Since the dawn of my Type-B existence, I have been a strong proponent of taking it easy around the new year. The population gets hyper come January, frantically trying to become leaner, cleaner, clearer, richer and smarter atop a firm December base of caramel brittle and honey ham.
Meanwhile, all the corporations are peering out from behind ominous pine trees in the woods waiting to sell us every membership and herb and tracking app and sneaker and sober wind-down drink with adaptogens on the face of this orbiting boulder. Please, I will not buy your powdered greens, now leave my dressing chambers!

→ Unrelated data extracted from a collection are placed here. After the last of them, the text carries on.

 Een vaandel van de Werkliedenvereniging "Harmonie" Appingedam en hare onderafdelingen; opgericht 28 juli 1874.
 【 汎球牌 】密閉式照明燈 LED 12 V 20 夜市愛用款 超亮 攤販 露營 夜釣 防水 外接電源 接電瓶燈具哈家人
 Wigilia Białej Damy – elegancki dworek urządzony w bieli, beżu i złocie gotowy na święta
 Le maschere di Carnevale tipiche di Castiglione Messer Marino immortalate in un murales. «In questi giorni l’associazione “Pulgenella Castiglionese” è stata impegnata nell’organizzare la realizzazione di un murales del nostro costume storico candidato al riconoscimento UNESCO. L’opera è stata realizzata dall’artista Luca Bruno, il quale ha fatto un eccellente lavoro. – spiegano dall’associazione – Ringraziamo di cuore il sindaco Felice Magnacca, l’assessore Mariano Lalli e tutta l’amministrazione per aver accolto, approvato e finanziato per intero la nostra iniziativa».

After a particularly stressful winter, I am extra eager to avoid all perky people in January. Then again, it can feel life-affirming to do something fresh after two months of holiday chaos, to reestablish a presence as unbothered, moisturized and in one's lane. I see both sides, which is why today I present you micro-resolutions for consideration. Sure, start life over in 2024 if you must... but not too much.
For instance:
Eat one new vegetable or fruit per week. Only because I say so, this includes french fries, mashed potatoes, cornbread, broccoli-cheese soup, ketchup, strawberries dipped in chocolate and apples slathered in candy-style peanut butter, not the natural stuff. Please respect my wishes; do not approach with any literature about grains, tubers or glucose.
Try Dry January 1. I joke, kind of! Dry January can be a really useful tool for those trying to cut back on the hooch, so I'm not making light of it. I'm just saying, every day of clarity and resolve you can claim after a month of swimming to the bottom of disastrous sparkling punchbowls is a good day. Even if you don't have 30 of them in a row.

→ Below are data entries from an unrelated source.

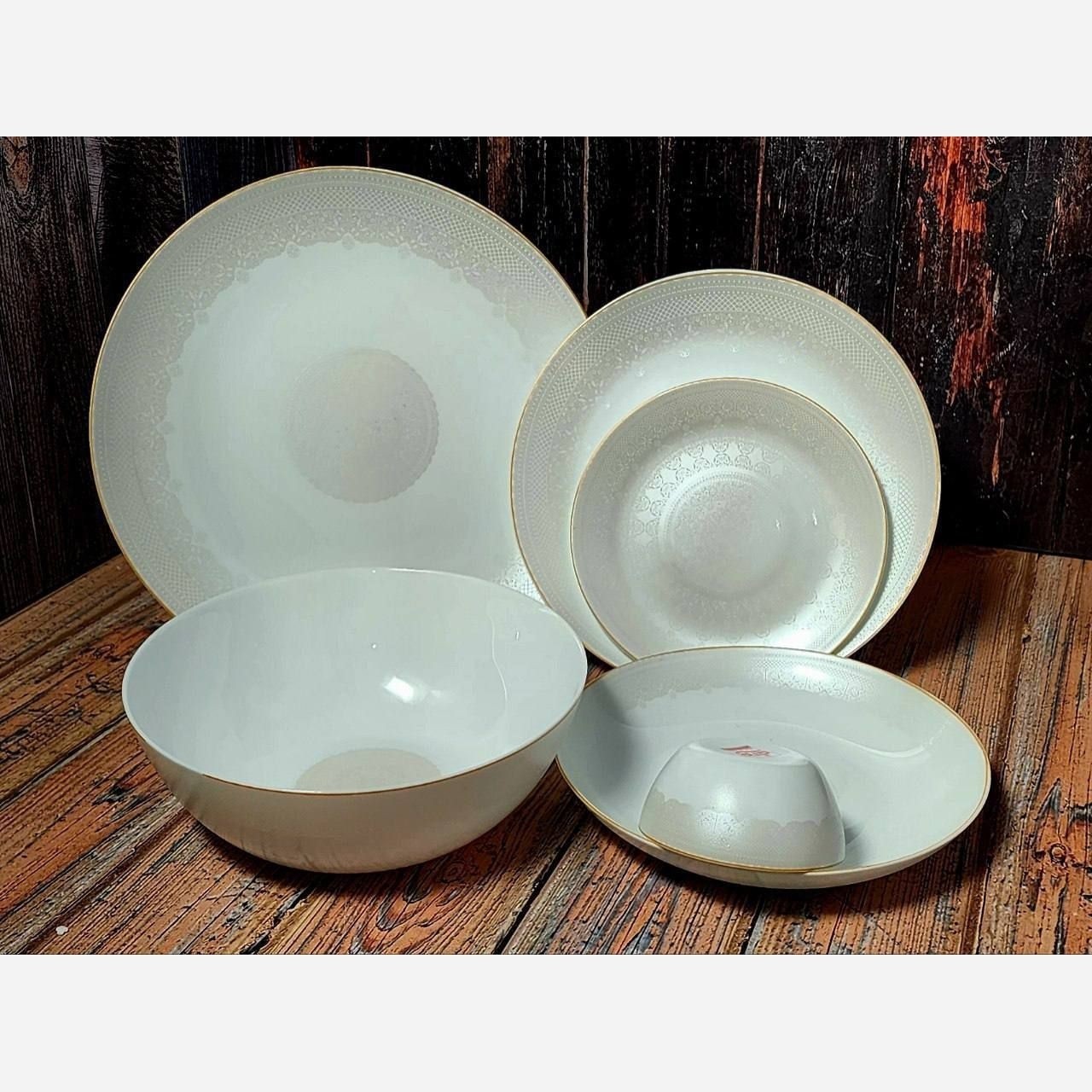 سرویس 26 پارچه آرکوپال مقصود تیسا خاکسری پلوخوری : 6 عدد خورشت خوری : 6 عدد پیش دستی : 6 عدد کاسه سالاد : 1 عدد دیس بیضی : 1 عدد کاسه ماست : 6 عد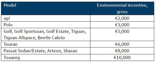 Piemēram, klientam, kas izvēlēsies iegādāties VW Up, koncerns piemēros atlaidi 2000 eiro apmērā, Polo novērtēts ar 3000 eiro, Golf, Golf Sportvan, Golf Variant, Tiguan Allspace un Beetle Cabrio – 5000 eiro, VW Touran, Passat, Sharan, Arteon – 8000 eiro, Touareg – 10 000 eiro.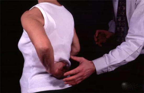 将患者的手放在背后且向后离开身体,撤去外力后无法维持此位置而贴住躯干,提示肩胛下肌损伤。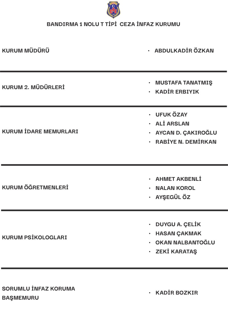 Adres Banvit Arkası Ömerli Köyü Yolu Üzeri Bandırma 1 Nolu T Tipi Kapalı Ceza İnfaz Kurumu Bandırma / BALIKESİR
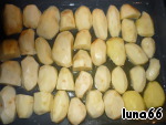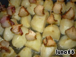 Наливаем на противень растительное масло и укладываем картофель ровным срезом вниз. Солим, перчим по вкусу.Солим немного (сало само отдаст соль картофелю). Ставим в разогретую духовку на 15-20 минут, чтобы картофель немного запёкся.

Remember one new detail about someone each week. At times, I will suddenly realize I have been talking for too long about something that absolutely does not matter, such as the fact that my Pomeranian has shunned his tiny Milk-Bones lately because I guess he would prefer we serve him four-star crispy hog jowl cassoulet with dots of bacon foam on an artisanal sliced wooden log after he does his filthy business. Anyway, at this wretched moment of social awareness, I will look up and think, "It's time to ask this person a question. That is the contract." It would be helpful going forward to know that Susan attended the dentist this week or is trying to get out of her timeshare in Orlando or wore Crocs for the first time.

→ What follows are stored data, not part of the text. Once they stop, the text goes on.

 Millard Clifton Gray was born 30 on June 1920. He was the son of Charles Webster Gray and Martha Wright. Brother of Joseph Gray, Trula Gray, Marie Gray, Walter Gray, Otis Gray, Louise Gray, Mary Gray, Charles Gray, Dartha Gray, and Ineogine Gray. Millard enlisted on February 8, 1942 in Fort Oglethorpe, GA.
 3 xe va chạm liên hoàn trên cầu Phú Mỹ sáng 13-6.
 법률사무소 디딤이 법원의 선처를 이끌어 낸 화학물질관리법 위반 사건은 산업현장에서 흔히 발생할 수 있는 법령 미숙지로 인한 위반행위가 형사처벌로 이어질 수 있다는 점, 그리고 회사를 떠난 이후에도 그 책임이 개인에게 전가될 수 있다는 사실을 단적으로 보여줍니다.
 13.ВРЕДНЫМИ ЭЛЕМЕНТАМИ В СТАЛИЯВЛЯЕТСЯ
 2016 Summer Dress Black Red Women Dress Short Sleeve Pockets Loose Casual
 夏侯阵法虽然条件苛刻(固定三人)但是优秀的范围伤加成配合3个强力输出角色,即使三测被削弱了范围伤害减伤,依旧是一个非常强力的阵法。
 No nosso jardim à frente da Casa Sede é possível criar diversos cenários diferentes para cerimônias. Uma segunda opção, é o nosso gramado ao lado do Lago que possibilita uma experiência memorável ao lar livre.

Hang one piece of clothing per day. I speak often of my laundry rat king, and that's because I find laundry to be the most overwhelming chore of all the chores. Like, I just want to go to sleep??? And the clothes are on the bed??? We have sent billionaires to space, and yet we do not have a robot named Rosie to do this task for us. Unacceptable. Look, I am talking a lot of nonsense here, but in the new year, I really think I might try hanging up just one garment per day, which I know will lead to two, which I know will annoyingly lead to three, and before I know it, I will have a clear sightline to bedroom surfaces again, and I will have self-actualized. This is practical, useful and I'm already tired just thinking about it.